About this task → Output only the lines below from the one containing "I QUADERNI DI" to the one containing "es ihr geht.", exactly as written, both ends kept.

===== Data shown

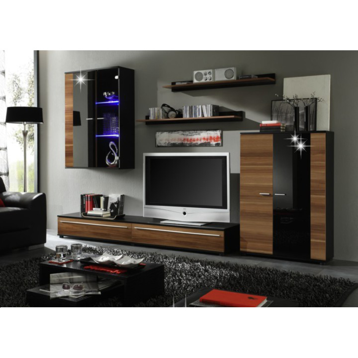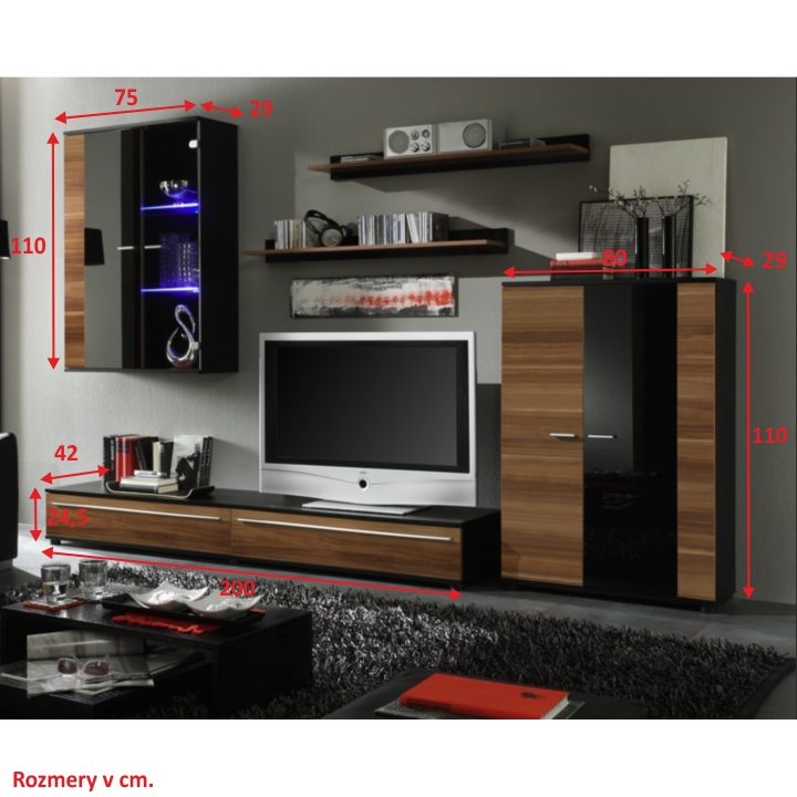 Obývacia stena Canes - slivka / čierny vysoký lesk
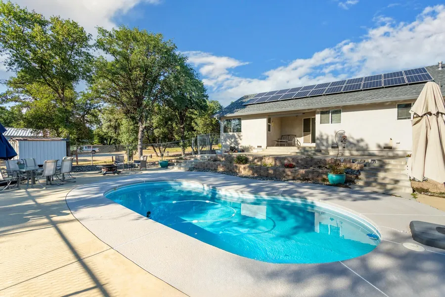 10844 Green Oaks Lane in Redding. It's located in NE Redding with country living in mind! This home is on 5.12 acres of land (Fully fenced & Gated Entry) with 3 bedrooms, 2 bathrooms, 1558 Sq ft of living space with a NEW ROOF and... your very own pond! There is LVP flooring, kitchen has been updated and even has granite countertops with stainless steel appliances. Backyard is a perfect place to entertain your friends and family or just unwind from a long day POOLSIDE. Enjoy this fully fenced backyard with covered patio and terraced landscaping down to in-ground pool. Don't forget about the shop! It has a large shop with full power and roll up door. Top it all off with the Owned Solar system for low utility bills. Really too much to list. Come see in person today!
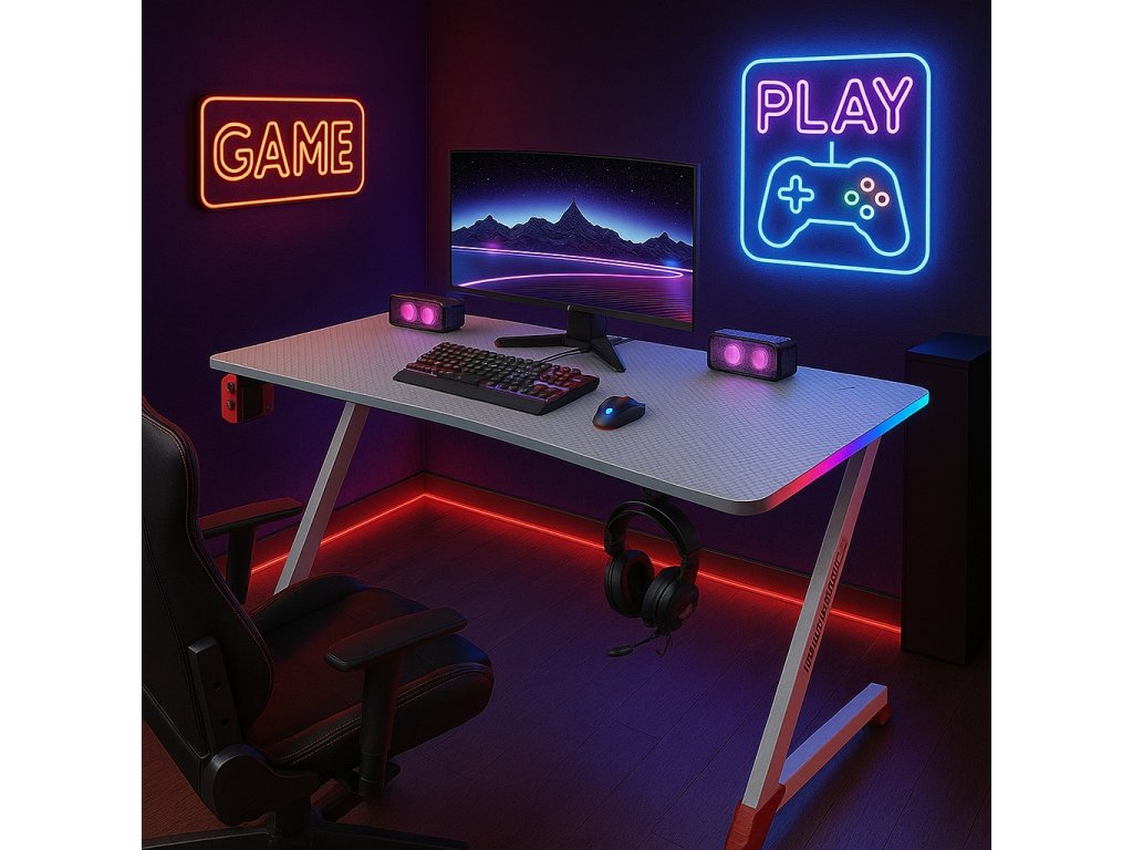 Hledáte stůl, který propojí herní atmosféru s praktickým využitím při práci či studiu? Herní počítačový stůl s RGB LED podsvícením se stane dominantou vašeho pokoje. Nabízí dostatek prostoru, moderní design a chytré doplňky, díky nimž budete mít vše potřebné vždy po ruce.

==========
===== Data shown

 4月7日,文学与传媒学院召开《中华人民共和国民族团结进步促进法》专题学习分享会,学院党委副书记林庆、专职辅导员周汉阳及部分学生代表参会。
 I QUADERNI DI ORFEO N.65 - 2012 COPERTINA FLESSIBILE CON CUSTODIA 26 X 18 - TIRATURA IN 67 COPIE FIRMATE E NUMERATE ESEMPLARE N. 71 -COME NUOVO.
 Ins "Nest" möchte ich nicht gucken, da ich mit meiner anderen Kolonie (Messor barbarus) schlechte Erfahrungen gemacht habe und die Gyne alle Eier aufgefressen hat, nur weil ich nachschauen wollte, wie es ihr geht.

==========

Exercise result →
 I QUADERNI DI ORFEO N.65 - 2012 COPERTINA FLESSIBILE CON CUSTODIA 26 X 18 - TIRATURA IN 67 COPIE FIRMATE E NUMERATE ESEMPLARE N. 71 -COME NUOVO.
 Ins "Nest" möchte ich nicht gucken, da ich mit meiner anderen Kolonie (Messor barbarus) schlechte Erfahrungen gemacht habe und die Gyne alle Eier aufgefressen hat, nur weil ich nachschauen wollte, wie es ihr geht.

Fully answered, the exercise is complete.